Thanks Michael. Now I switched my approach after doing some google.
Following are my new codes:
###################################################
library(foreign)
readin <- read.dta("ordfile.dta", convert.factors=FALSE)
myvars <- c("depvar", "x1", "x2", "x3")
mydta <- readin[myvars]
# remove all missings
mydta <- na.omit(mydta)
ologit.lf <- function(theta, y, X) {
X <- as.matrix(X)
y <- as.matrix(y)
n <- nrow(X)
k <- ncol(X)
b <- theta[1:k]
tau1 <- as.numeric(theta [k+1])
tau2 <- as.numeric(theta [k+2])
tau3 <- as.numeric(theta [k+3])
p1 <- (1/(1+exp( - tau1 + X %*% b)))
p2 <- (1/(1+exp( - tau2 + X %*% b))) - (1/(1+exp( - tau1 + X %*% b)))
p3 <- (1/(1+exp( - tau3 + X %*% b))) - (1/(1+exp( - tau2 + X %*% b)))
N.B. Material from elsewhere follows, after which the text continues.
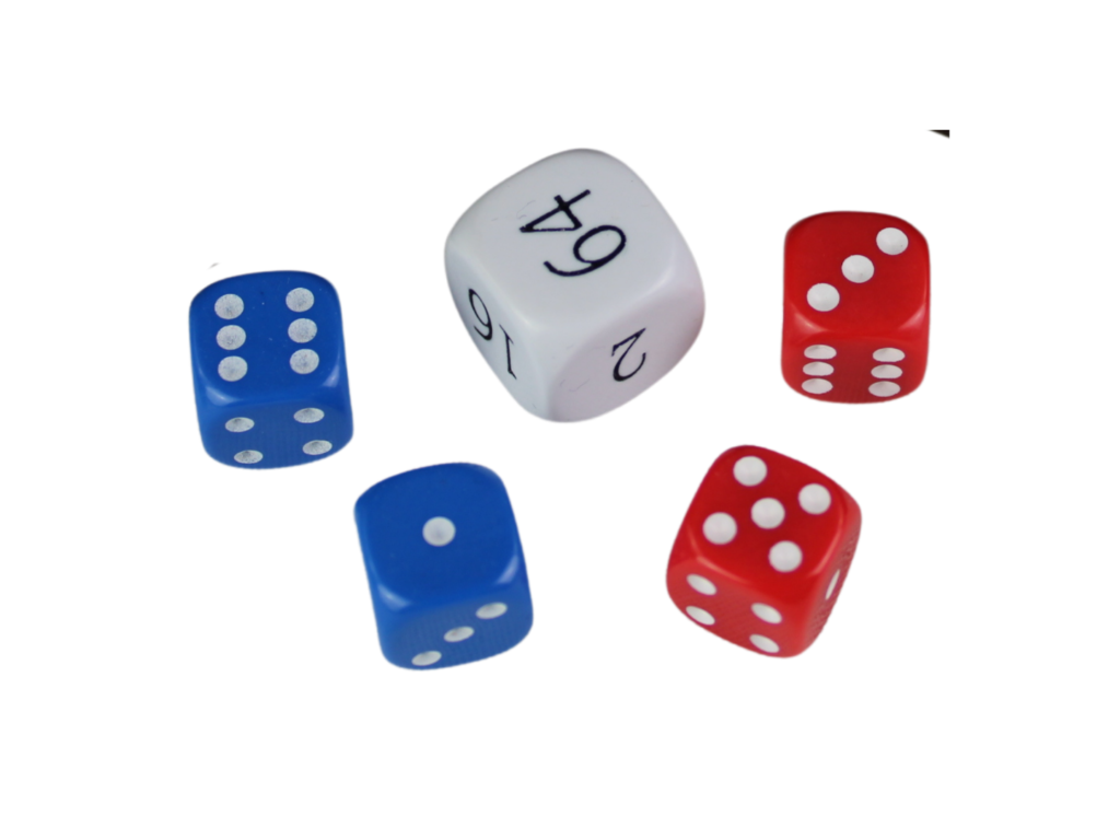 Replacement Backgammon Dice Set – Cream Doubling Cube – Red & Blue Dices

p4 <- 1 - (1/(1+exp( - tau3 + X %*% b)))
# create indicator variables
i <- rep(1, nrow(X))
i1 <- as.numeric( i == y)
i2 <- as.numeric(2*i == y)
i3 <- as.numeric(3*i == y)
i4 <- as.numeric(4*i == y)
llik <- sum(i1*log(p1) + i2*log(p2) + i3*log(p3) + i4*log(p4))
return(-llik)
}
y <- (mydta$depvar)
X <- cbind(mydta$x1, mydta$x2, mydta$x3)
if (FALSE) { # providing start values in optim
xint <- cbind(rep(1,nrow(X)),X)
bols <- (solve(t(xint) %*% xint)) %*% (t(xint) %*% y)
startval <- rbind(as.matrix(bols[2:nrow(bols)]),0,0,0)
}
runopt <- optim(rep(0, ncol(X)+3), ologit.lf, method="BFGS",
hessian=T, y=y, X=X)
#########################################################################
But then I got the following error message;
Error in optim(rep(0, ncol(X) + 3), ologit.lf, method = "BFGS", hessian = T, :
initial value in 'vmmin' is not finite
I know there is something wrong with the way that I set up my initial
values, but just couldn't figure out how. Any help would be greatly
appreciated!
Jun
On Tue, Jul 31, 2012 at 10:07 PM, R. Michael Weylandt
<michael.weyla...@gmail.com> wrote:
> On Tue, Jul 31, 2012 at 7:57 PM, Xu Jun <junx...@gmail.com> wrote:
>> Dear R listers,
>>
>> I am learning the MLE utility optim() in R to program ordered logit
>> models just as an exercise. See below I have three independent
>> variables, x1, x2, and x3. Y is coded as ordinal from 1 to 4. Y is not
>> yet a factor variable here. The ordered logit model satisfies the
>> parallel regression assumption. The following codes can run through,
>> but results were totally different from what I got using the polr
>> function from the MASS package. I think it might be due to the way how
>> the p is constructed in the ologit.lf function. I am relatively new to
>> R, and here I would guess probably something related to the class type
>> (numeric vs. matrix) or something along that line among those if
>> conditions. Thanks in advance for any suggestion.
>>
>> Jun Xu, PhD
>> Assistant Professor
>> Department of Sociology
>> Ball State University
>> Muncie, IN 47306
>>
>>
>> ####################################################################
>>
>> library(foreign)
>> readin <- read.dta("ordfile.dta", convert.factors=FALSE)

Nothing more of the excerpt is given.